EXERCISE DESCRIPTION: In the records below, repeat word for word only the lines starting at the one that contains "26.00 м² | 4 - 9 эт." and ending at the one that contains "Drawstring Waist Satin Pants - Natural", pictures excluded.

##### RECORDS SUPPLIED #####

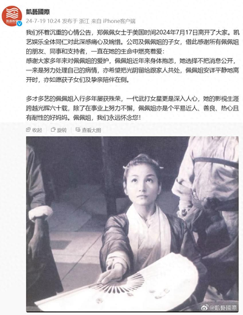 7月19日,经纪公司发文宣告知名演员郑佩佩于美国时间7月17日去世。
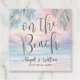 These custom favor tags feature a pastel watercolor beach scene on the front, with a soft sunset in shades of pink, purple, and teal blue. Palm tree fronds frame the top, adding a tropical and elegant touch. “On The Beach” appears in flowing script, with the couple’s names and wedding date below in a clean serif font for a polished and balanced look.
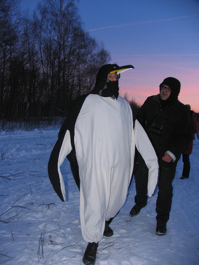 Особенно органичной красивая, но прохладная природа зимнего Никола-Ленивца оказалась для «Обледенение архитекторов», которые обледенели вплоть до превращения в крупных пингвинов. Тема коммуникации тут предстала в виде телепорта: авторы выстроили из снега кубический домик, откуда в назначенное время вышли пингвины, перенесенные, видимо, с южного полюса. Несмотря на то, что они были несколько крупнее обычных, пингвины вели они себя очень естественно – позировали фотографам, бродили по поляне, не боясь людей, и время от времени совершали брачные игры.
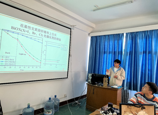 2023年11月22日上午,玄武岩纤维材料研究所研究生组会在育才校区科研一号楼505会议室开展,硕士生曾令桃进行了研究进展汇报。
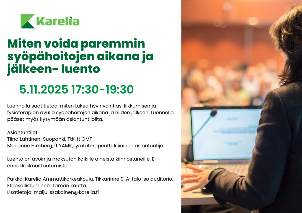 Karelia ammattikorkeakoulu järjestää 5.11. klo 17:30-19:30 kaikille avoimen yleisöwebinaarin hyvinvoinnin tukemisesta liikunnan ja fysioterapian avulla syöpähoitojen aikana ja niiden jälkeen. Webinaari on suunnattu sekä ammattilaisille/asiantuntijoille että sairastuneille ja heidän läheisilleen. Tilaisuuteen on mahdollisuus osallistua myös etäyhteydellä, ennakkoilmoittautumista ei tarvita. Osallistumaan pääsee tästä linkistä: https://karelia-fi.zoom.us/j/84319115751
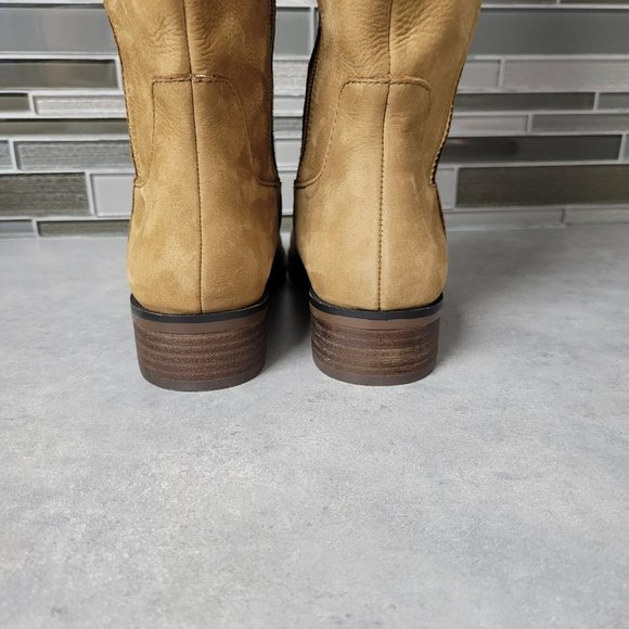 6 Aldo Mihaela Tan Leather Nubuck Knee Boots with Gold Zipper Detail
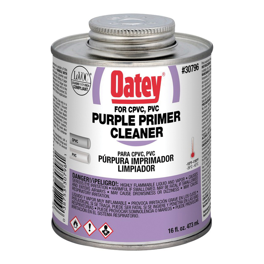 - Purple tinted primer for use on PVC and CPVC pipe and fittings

#####
##### RECORDS SUPPLIED #####

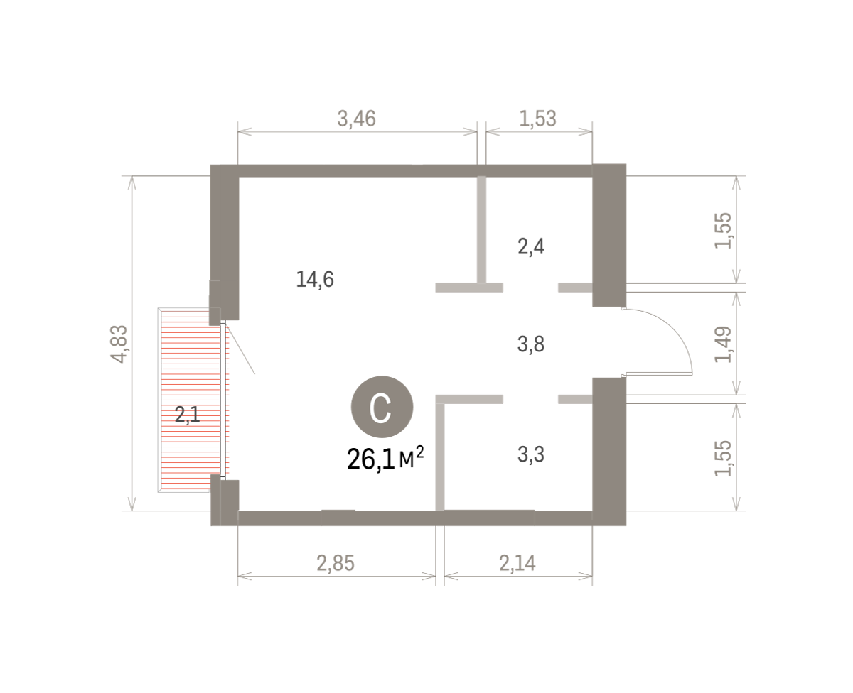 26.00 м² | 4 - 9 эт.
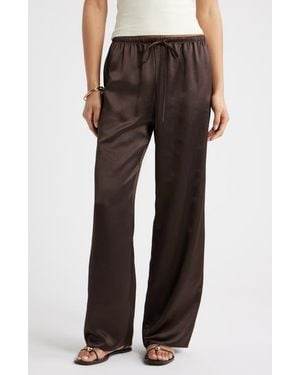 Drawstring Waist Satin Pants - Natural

#####
##### RECORDS SUPPLIED #####

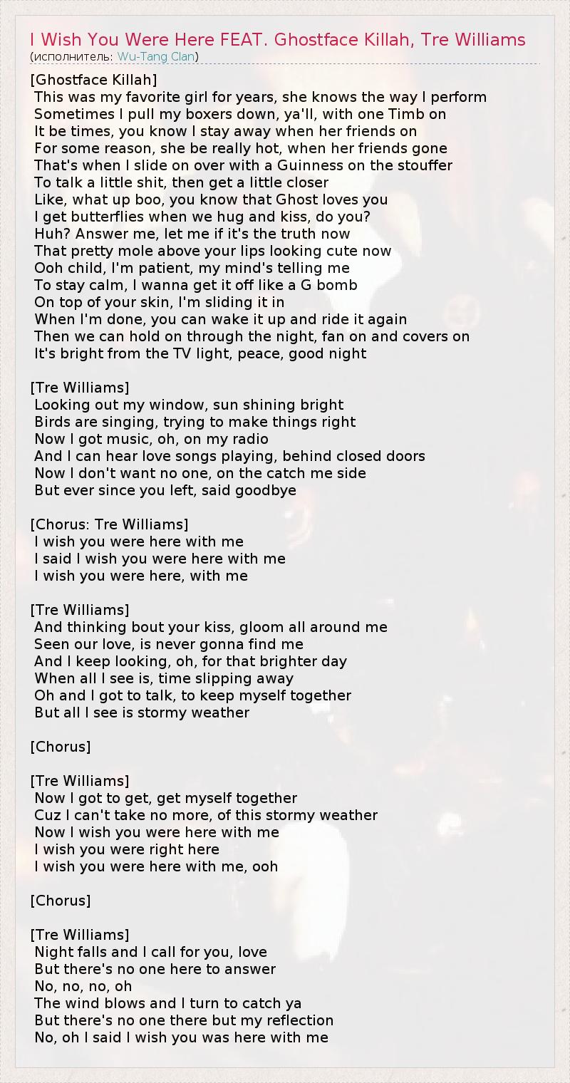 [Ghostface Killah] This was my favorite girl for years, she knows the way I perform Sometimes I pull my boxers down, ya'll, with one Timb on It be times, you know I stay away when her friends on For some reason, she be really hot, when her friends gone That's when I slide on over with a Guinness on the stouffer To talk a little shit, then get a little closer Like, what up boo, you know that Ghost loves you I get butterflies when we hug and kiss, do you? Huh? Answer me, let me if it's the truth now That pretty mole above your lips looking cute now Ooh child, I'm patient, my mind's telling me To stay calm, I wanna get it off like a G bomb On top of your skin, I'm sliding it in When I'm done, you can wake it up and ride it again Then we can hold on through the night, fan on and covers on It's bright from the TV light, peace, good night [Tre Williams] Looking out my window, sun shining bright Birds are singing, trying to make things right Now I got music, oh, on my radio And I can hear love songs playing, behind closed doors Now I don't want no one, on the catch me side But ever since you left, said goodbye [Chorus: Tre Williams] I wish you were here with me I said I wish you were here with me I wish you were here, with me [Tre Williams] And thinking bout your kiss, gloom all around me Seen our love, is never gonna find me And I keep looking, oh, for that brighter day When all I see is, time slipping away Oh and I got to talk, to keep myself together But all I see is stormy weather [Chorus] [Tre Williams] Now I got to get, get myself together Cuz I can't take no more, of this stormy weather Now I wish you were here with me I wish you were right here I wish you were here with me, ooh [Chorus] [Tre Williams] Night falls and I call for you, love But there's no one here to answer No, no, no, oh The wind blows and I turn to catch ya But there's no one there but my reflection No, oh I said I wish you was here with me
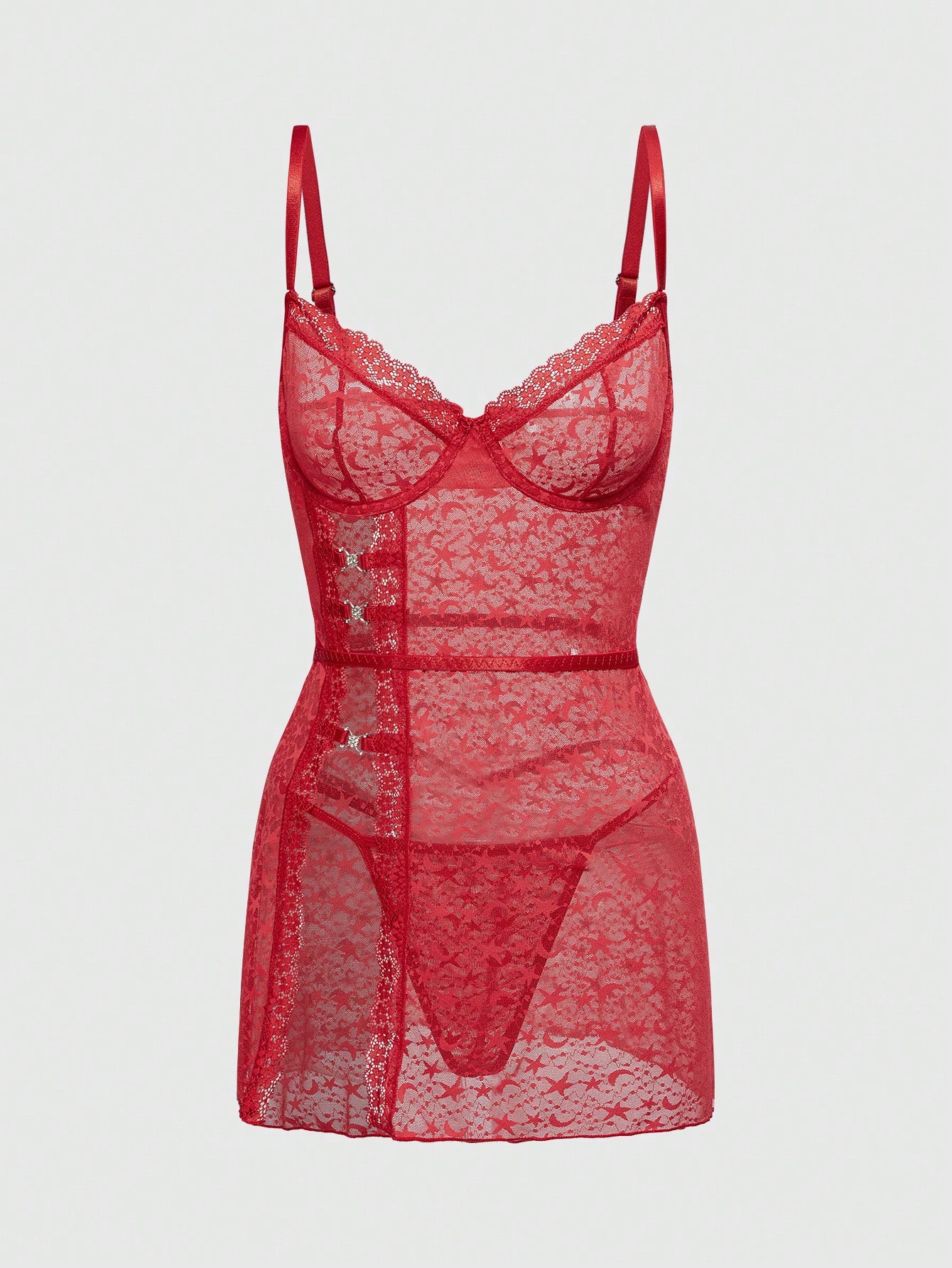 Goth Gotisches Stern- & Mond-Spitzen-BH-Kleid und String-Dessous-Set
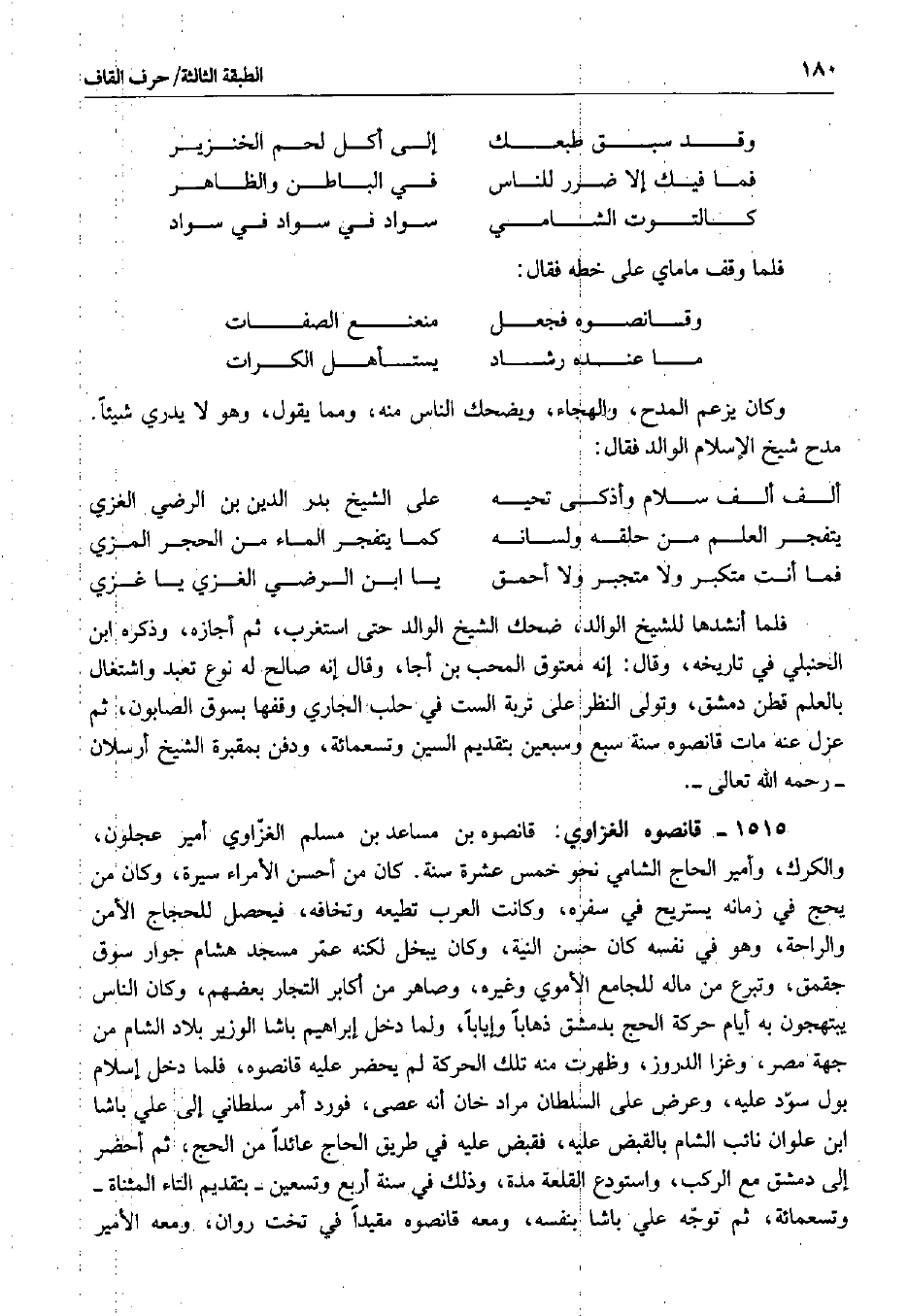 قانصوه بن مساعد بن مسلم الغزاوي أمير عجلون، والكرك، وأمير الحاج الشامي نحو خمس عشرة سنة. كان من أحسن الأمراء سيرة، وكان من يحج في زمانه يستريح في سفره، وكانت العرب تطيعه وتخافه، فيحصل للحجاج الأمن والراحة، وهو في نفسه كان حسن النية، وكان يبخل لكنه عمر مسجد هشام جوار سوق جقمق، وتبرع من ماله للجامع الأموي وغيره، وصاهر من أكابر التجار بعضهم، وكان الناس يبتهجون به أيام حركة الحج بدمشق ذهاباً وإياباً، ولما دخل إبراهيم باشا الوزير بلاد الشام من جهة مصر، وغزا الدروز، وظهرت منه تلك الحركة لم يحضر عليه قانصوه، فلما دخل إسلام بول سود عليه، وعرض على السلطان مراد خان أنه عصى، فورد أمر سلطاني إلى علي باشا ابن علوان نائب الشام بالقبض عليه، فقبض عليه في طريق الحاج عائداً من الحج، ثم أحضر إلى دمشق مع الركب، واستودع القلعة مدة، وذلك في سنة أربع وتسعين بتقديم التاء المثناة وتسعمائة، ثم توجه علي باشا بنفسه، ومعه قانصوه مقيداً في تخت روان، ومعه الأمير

#####

SOLUTION TO THE PROBLEM:
 26.00 м² | 4 - 9 эт.
 Drawstring Waist Satin Pants - Natural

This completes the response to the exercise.